### Assignment
Skip every image and restate the data word for word.

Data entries

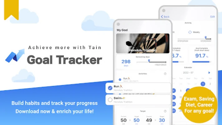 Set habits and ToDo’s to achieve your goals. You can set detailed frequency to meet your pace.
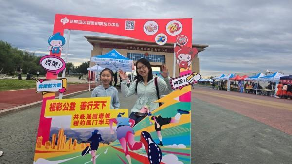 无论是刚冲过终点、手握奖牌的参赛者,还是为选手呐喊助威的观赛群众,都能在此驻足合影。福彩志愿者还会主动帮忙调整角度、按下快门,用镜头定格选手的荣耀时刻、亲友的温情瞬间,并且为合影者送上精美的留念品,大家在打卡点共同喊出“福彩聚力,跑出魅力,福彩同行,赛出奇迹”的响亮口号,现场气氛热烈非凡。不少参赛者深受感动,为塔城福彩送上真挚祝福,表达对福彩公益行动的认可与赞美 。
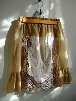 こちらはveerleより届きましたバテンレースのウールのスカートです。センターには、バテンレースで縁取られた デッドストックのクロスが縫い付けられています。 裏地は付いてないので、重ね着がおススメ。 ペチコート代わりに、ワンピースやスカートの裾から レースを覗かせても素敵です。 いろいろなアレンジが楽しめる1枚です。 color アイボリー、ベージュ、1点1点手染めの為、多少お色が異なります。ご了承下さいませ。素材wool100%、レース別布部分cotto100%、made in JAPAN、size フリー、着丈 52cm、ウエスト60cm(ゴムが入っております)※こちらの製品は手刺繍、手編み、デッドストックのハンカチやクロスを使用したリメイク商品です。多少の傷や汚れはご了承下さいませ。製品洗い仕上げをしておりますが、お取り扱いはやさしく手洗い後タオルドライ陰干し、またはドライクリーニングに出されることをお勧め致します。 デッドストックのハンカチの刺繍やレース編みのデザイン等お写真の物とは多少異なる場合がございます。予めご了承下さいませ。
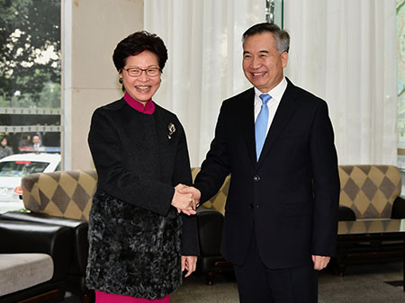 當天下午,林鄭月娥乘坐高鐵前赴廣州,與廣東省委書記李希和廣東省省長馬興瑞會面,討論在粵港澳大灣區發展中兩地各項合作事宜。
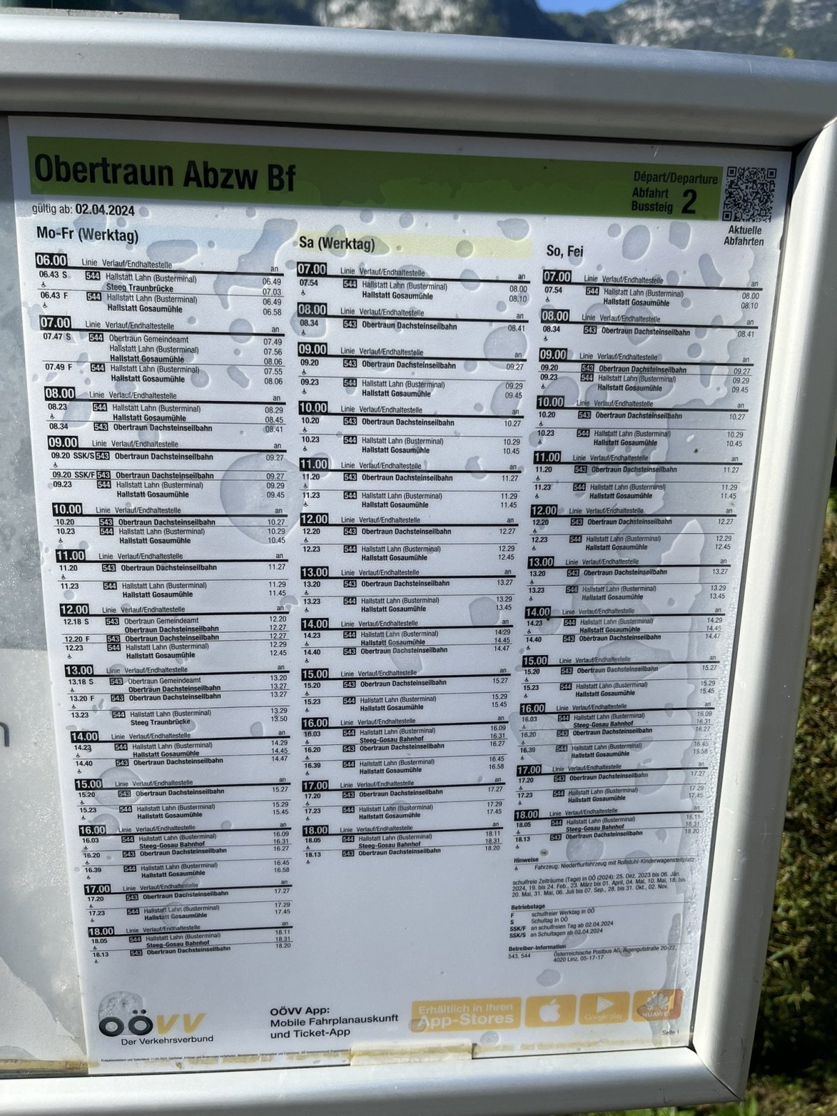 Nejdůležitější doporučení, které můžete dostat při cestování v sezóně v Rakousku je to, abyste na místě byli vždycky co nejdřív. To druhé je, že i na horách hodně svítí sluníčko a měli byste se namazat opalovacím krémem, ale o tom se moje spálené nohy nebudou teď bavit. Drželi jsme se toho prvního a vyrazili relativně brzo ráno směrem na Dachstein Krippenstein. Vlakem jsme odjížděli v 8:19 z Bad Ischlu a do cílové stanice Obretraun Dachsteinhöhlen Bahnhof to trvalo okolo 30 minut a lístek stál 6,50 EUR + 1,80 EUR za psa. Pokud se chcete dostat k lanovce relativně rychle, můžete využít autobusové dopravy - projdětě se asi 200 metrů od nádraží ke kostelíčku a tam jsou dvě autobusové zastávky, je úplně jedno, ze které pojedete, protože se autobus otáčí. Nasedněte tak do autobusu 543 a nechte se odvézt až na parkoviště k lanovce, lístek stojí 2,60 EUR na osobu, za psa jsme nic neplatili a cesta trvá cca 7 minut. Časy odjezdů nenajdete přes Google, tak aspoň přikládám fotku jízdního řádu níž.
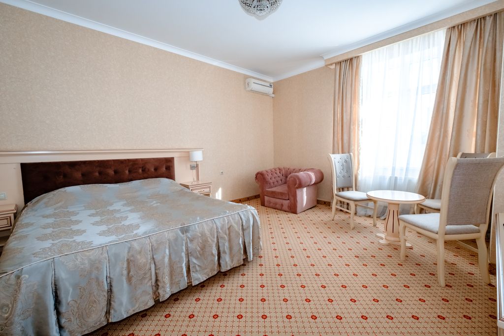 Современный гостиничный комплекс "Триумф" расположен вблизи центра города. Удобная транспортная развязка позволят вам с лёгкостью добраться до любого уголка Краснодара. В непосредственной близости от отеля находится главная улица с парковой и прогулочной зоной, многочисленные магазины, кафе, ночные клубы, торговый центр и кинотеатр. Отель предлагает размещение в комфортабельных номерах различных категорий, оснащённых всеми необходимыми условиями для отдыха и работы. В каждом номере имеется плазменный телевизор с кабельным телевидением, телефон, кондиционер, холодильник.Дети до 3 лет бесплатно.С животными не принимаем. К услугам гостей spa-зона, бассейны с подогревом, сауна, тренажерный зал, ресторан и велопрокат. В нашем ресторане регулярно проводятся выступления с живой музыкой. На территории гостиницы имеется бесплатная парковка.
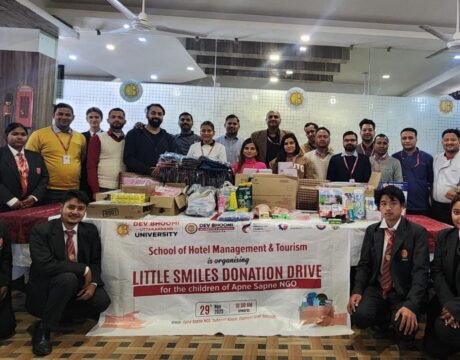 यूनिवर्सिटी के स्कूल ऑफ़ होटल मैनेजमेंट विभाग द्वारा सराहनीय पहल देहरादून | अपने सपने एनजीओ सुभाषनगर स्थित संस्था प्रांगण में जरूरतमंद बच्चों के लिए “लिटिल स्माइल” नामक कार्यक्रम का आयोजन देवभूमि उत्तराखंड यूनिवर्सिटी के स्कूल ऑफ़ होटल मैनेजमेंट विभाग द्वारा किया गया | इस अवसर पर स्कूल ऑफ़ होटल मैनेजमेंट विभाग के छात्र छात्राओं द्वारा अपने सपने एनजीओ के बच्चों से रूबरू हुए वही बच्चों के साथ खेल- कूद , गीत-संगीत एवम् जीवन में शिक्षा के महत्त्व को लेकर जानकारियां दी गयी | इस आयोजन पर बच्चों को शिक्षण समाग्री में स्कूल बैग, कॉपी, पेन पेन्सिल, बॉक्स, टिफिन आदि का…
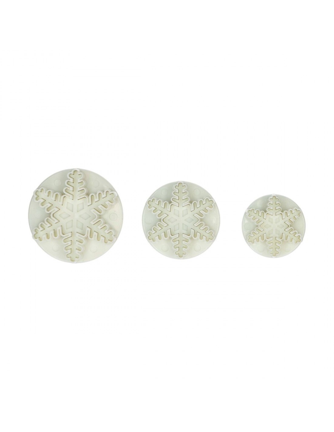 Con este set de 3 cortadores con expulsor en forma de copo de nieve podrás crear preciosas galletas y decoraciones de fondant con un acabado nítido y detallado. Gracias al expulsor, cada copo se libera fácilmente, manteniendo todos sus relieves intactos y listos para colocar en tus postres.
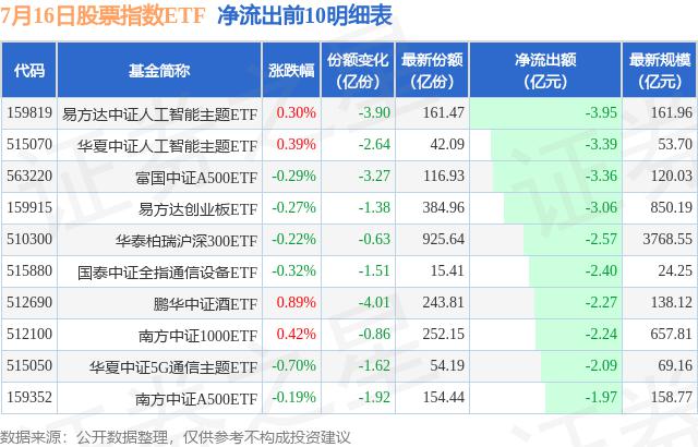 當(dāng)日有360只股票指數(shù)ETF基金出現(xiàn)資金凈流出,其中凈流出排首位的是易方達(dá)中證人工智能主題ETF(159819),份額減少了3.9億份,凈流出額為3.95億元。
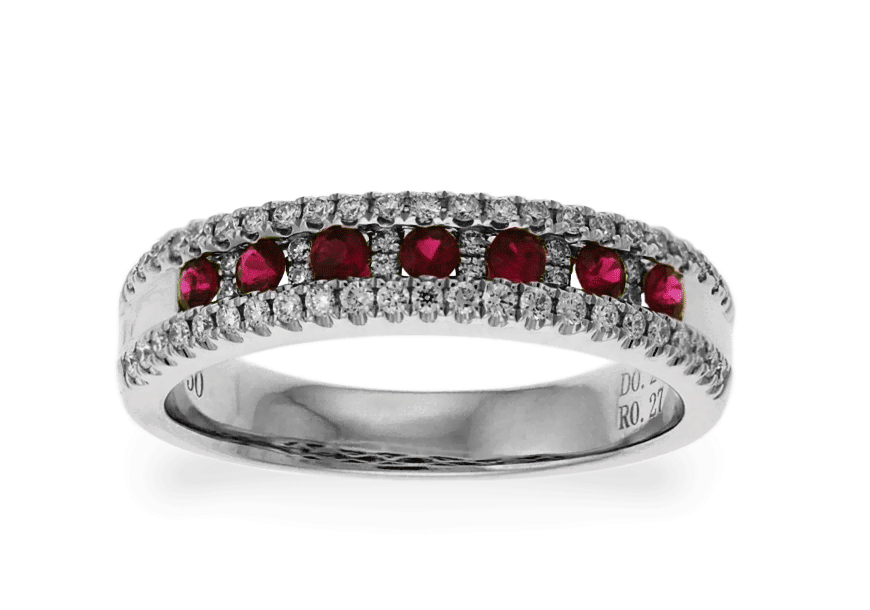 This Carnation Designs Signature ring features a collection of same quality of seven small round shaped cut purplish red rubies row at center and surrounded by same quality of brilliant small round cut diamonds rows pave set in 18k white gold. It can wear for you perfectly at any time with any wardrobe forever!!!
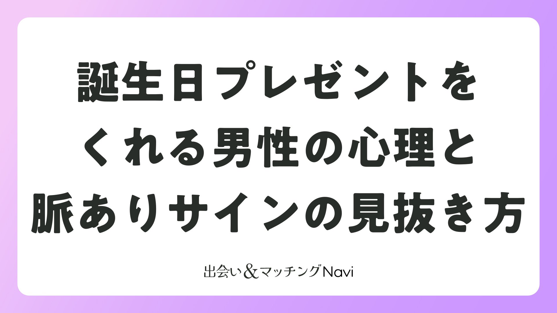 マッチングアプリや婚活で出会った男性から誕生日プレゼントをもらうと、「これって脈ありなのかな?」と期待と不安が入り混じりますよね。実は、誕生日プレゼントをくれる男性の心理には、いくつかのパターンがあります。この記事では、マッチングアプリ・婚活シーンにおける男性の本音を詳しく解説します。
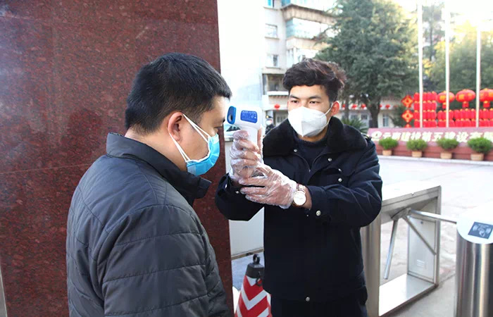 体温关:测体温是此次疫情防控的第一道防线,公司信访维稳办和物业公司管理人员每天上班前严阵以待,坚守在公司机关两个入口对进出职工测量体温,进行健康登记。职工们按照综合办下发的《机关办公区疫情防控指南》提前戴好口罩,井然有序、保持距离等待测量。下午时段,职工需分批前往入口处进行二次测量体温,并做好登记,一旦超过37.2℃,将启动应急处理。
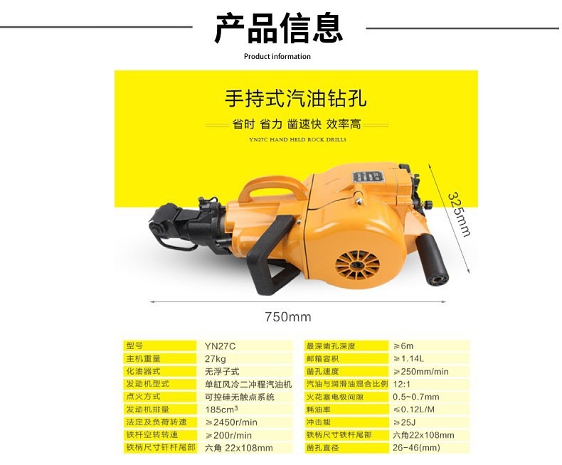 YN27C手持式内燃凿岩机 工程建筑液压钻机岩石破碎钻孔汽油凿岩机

### Task solution
 Set habits and ToDo’s to achieve your goals. You can set detailed frequency to meet your pace.
 无论是刚冲过终点、手握奖牌的参赛者,还是为选手呐喊助威的观赛群众,都能在此驻足合影。福彩志愿者还会主动帮忙调整角度、按下快门,用镜头定格选手的荣耀时刻、亲友的温情瞬间,并且为合影者送上精美的留念品,大家在打卡点共同喊出“福彩聚力,跑出魅力,福彩同行,赛出奇迹”的响亮口号,现场气氛热烈非凡。不少参赛者深受感动,为塔城福彩送上真挚祝福,表达对福彩公益行动的认可与赞美 。
 こちらはveerleより届きましたバテンレースのウールのスカートです。センターには、バテンレースで縁取られた デッドストックのクロスが縫い付けられています。 裏地は付いてないので、重ね着がおススメ。 ペチコート代わりに、ワンピースやスカートの裾から レースを覗かせても素敵です。 いろいろなアレンジが楽しめる1枚です。 color アイボリー、ベージュ、1点1点手染めの為、多少お色が異なります。ご了承下さいませ。素材wool100%、レース別布部分cotto100%、made in JAPAN、size フリー、着丈 52cm、ウエスト60cm(ゴムが入っております)※こちらの製品は手刺繍、手編み、デッドストックのハンカチやクロスを使用したリメイク商品です。多少の傷や汚れはご了承下さいませ。製品洗い仕上げをしておりますが、お取り扱いはやさしく手洗い後タオルドライ陰干し、またはドライクリーニングに出されることをお勧め致します。 デッドストックのハンカチの刺繍やレース編みのデザイン等お写真の物とは多少異なる場合がございます。予めご了承下さいませ。
 當天下午,林鄭月娥乘坐高鐵前赴廣州,與廣東省委書記李希和廣東省省長馬興瑞會面,討論在粵港澳大灣區發展中兩地各項合作事宜。
 Nejdůležitější doporučení, které můžete dostat při cestování v sezóně v Rakousku je to, abyste na místě byli vždycky co nejdřív. To druhé je, že i na horách hodně svítí sluníčko a měli byste se namazat opalovacím krémem, ale o tom se moje spálené nohy nebudou teď bavit. Drželi jsme se toho prvního a vyrazili relativně brzo ráno směrem na Dachstein Krippenstein. Vlakem jsme odjížděli v 8:19 z Bad Ischlu a do cílové stanice Obretraun Dachsteinhöhlen Bahnhof to trvalo okolo 30 minut a lístek stál 6,50 EUR + 1,80 EUR za psa. Pokud se chcete dostat k lanovce relativně rychle, můžete využít autobusové dopravy - projdětě se asi 200 metrů od nádraží ke kostelíčku a tam jsou dvě autobusové zastávky, je úplně jedno, ze které pojedete, protože se autobus otáčí. Nasedněte tak do autobusu 543 a nechte se odvézt až na parkoviště k lanovce, lístek stojí 2,60 EUR na osobu, za psa jsme nic neplatili a cesta trvá cca 7 minut. Časy odjezdů nenajdete přes Google, tak aspoň přikládám fotku jízdního řádu níž.
 Современный гостиничный комплекс "Триумф" расположен вблизи центра города. Удобная транспортная развязка позволят вам с лёгкостью добраться до любого уголка Краснодара. В непосредственной близости от отеля находится главная улица с парковой и прогулочной зоной, многочисленные магазины, кафе, ночные клубы, торговый центр и кинотеатр. Отель предлагает размещение в комфортабельных номерах различных категорий, оснащённых всеми необходимыми условиями для отдыха и работы. В каждом номере имеется плазменный телевизор с кабельным телевидением, телефон, кондиционер, холодильник.Дети до 3 лет бесплатно.С животными не принимаем. К услугам гостей spa-зона, бассейны с подогревом, сауна, тренажерный зал, ресторан и велопрокат. В нашем ресторане регулярно проводятся выступления с живой музыкой. На территории гостиницы имеется бесплатная парковка.
 यूनिवर्सिटी के स्कूल ऑफ़ होटल मैनेजमेंट विभाग द्वारा सराहनीय पहल देहरादून | अपने सपने एनजीओ सुभाषनगर स्थित संस्था प्रांगण में जरूरतमंद बच्चों के लिए “लिटिल स्माइल” नामक कार्यक्रम का आयोजन देवभूमि उत्तराखंड यूनिवर्सिटी के स्कूल ऑफ़ होटल मैनेजमेंट विभाग द्वारा किया गया | इस अवसर पर स्कूल ऑफ़ होटल मैनेजमेंट विभाग के छात्र छात्राओं द्वारा अपने सपने एनजीओ के बच्चों से रूबरू हुए वही बच्चों के साथ खेल- कूद , गीत-संगीत एवम् जीवन में शिक्षा के महत्त्व को लेकर जानकारियां दी गयी | इस आयोजन पर बच्चों को शिक्षण समाग्री में स्कूल बैग, कॉपी, पेन पेन्सिल, बॉक्स, टिफिन आदि का…
 Con este set de 3 cortadores con expulsor en forma de copo de nieve podrás crear preciosas galletas y decoraciones de fondant con un acabado nítido y detallado. Gracias al expulsor, cada copo se libera fácilmente, manteniendo todos sus relieves intactos y listos para colocar en tus postres.
 當(dāng)日有360只股票指數(shù)ETF基金出現(xiàn)資金凈流出,其中凈流出排首位的是易方達(dá)中證人工智能主題ETF(159819),份額減少了3.9億份,凈流出額為3.95億元。
 This Carnation Designs Signature ring features a collection of same quality of seven small round shaped cut purplish red rubies row at center and surrounded by same quality of brilliant small round cut diamonds rows pave set in 18k white gold. It can wear for you perfectly at any time with any wardrobe forever!!!
 マッチングアプリや婚活で出会った男性から誕生日プレゼントをもらうと、「これって脈ありなのかな?」と期待と不安が入り混じりますよね。実は、誕生日プレゼントをくれる男性の心理には、いくつかのパターンがあります。この記事では、マッチングアプリ・婚活シーンにおける男性の本音を詳しく解説します。
 体温关:测体温是此次疫情防控的第一道防线,公司信访维稳办和物业公司管理人员每天上班前严阵以待,坚守在公司机关两个入口对进出职工测量体温,进行健康登记。职工们按照综合办下发的《机关办公区疫情防控指南》提前戴好口罩,井然有序、保持距离等待测量。下午时段,职工需分批前往入口处进行二次测量体温,并做好登记,一旦超过37.2℃,将启动应急处理。
 YN27C手持式内燃凿岩机 工程建筑液压钻机岩石破碎钻孔汽油凿岩机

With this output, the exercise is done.